• **Information supplied**
-- Opening Marker --
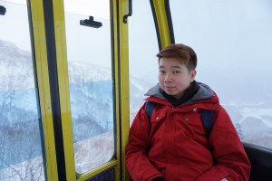 My friend in the gondola on our way up to the top of Mt Tomamu where Unkai Terrace is located
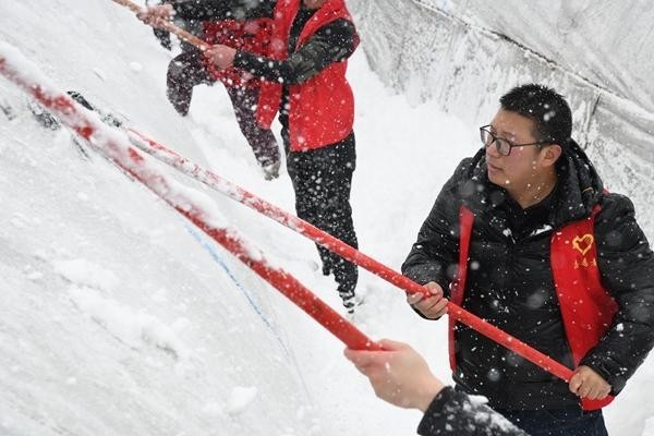 2022年2月,合肥市肥东县响导乡赵亮社区党总支书记、村委会主任赵军杰在村里果蔬产业园扫雪。受访者供图
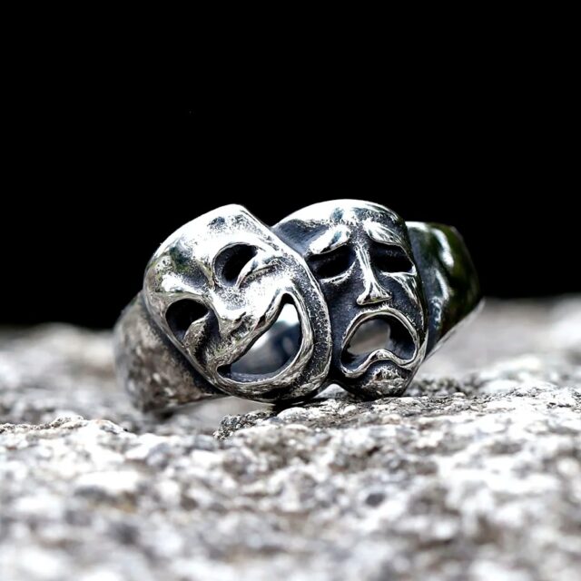 Embrace the duality of life with the Drama Masks Ring. This bold stainless steel ring features iconic comedy and tragedy masks, perfect for expressing your multifaceted personality and adding a touch of theatrical flair to any outfit. It’s more than just jewelry; it’s a statement.
-- Closing Marker --
• **Task objective**
Output the listing exactly. Leave out any image.

• **Exercise output**
 My friend in the gondola on our way up to the top of Mt Tomamu where Unkai Terrace is located
 2022年2月,合肥市肥东县响导乡赵亮社区党总支书记、村委会主任赵军杰在村里果蔬产业园扫雪。受访者供图
 Embrace the duality of life with the Drama Masks Ring. This bold stainless steel ring features iconic comedy and tragedy masks, perfect for expressing your multifaceted personality and adding a touch of theatrical flair to any outfit. It’s more than just jewelry; it’s a statement.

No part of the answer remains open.